# [EXERCISE DESCRIPTION]
Please retype the whole listing so that it matches the original exactly.

# [INFORMATION SHOWN]
---*---
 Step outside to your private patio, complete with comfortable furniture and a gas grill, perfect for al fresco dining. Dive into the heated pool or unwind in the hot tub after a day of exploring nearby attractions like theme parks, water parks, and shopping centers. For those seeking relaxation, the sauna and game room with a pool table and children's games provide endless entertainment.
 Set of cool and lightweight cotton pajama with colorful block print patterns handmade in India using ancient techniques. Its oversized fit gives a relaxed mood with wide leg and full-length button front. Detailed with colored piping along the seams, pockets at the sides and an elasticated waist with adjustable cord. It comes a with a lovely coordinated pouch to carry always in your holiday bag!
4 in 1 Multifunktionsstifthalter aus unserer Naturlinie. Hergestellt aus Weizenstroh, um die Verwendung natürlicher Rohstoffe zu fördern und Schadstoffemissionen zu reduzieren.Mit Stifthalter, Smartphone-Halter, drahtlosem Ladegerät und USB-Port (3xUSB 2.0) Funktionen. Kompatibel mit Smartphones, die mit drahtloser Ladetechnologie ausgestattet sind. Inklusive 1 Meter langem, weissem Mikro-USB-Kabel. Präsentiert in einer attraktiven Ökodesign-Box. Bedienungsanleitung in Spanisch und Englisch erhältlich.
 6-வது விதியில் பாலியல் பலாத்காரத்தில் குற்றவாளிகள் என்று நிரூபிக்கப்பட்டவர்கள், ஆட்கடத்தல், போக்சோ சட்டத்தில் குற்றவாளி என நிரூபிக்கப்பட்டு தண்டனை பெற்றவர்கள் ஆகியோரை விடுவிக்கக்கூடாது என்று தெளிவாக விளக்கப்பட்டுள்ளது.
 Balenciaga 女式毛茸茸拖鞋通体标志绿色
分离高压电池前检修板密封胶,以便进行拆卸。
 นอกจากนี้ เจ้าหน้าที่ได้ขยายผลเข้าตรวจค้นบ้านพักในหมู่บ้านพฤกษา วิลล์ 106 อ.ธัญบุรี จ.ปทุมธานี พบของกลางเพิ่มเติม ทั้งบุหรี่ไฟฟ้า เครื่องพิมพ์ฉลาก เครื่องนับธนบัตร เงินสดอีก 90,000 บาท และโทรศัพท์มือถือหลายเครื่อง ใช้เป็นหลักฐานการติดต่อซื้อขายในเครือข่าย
---*---
# [YOUR RESPONSE]
 Step outside to your private patio, complete with comfortable furniture and a gas grill, perfect for al fresco dining. Dive into the heated pool or unwind in the hot tub after a day of exploring nearby attractions like theme parks, water parks, and shopping centers. For those seeking relaxation, the sauna and game room with a pool table and children's games provide endless entertainment.
 Set of cool and lightweight cotton pajama with colorful block print patterns handmade in India using ancient techniques. Its oversized fit gives a relaxed mood with wide leg and full-length button front. Detailed with colored piping along the seams, pockets at the sides and an elasticated waist with adjustable cord. It comes a with a lovely coordinated pouch to carry always in your holiday bag!
4 in 1 Multifunktionsstifthalter aus unserer Naturlinie. Hergestellt aus Weizenstroh, um die Verwendung natürlicher Rohstoffe zu fördern und Schadstoffemissionen zu reduzieren.Mit Stifthalter, Smartphone-Halter, drahtlosem Ladegerät und USB-Port (3xUSB 2.0) Funktionen. Kompatibel mit Smartphones, die mit drahtloser Ladetechnologie ausgestattet sind. Inklusive 1 Meter langem, weissem Mikro-USB-Kabel. Präsentiert in einer attraktiven Ökodesign-Box. Bedienungsanleitung in Spanisch und Englisch erhältlich.
 6-வது விதியில் பாலியல் பலாத்காரத்தில் குற்றவாளிகள் என்று நிரூபிக்கப்பட்டவர்கள், ஆட்கடத்தல், போக்சோ சட்டத்தில் குற்றவாளி என நிரூபிக்கப்பட்டு தண்டனை பெற்றவர்கள் ஆகியோரை விடுவிக்கக்கூடாது என்று தெளிவாக விளக்கப்பட்டுள்ளது.
 Balenciaga 女式毛茸茸拖鞋通体标志绿色
分离高压电池前检修板密封胶,以便进行拆卸。
 นอกจากนี้ เจ้าหน้าที่ได้ขยายผลเข้าตรวจค้นบ้านพักในหมู่บ้านพฤกษา วิลล์ 106 อ.ธัญบุรี จ.ปทุมธานี พบของกลางเพิ่มเติม ทั้งบุหรี่ไฟฟ้า เครื่องพิมพ์ฉลาก เครื่องนับธนบัตร เงินสดอีก 90,000 บาท และโทรศัพท์มือถือหลายเครื่อง ใช้เป็นหลักฐานการติดต่อซื้อขายในเครือข่าย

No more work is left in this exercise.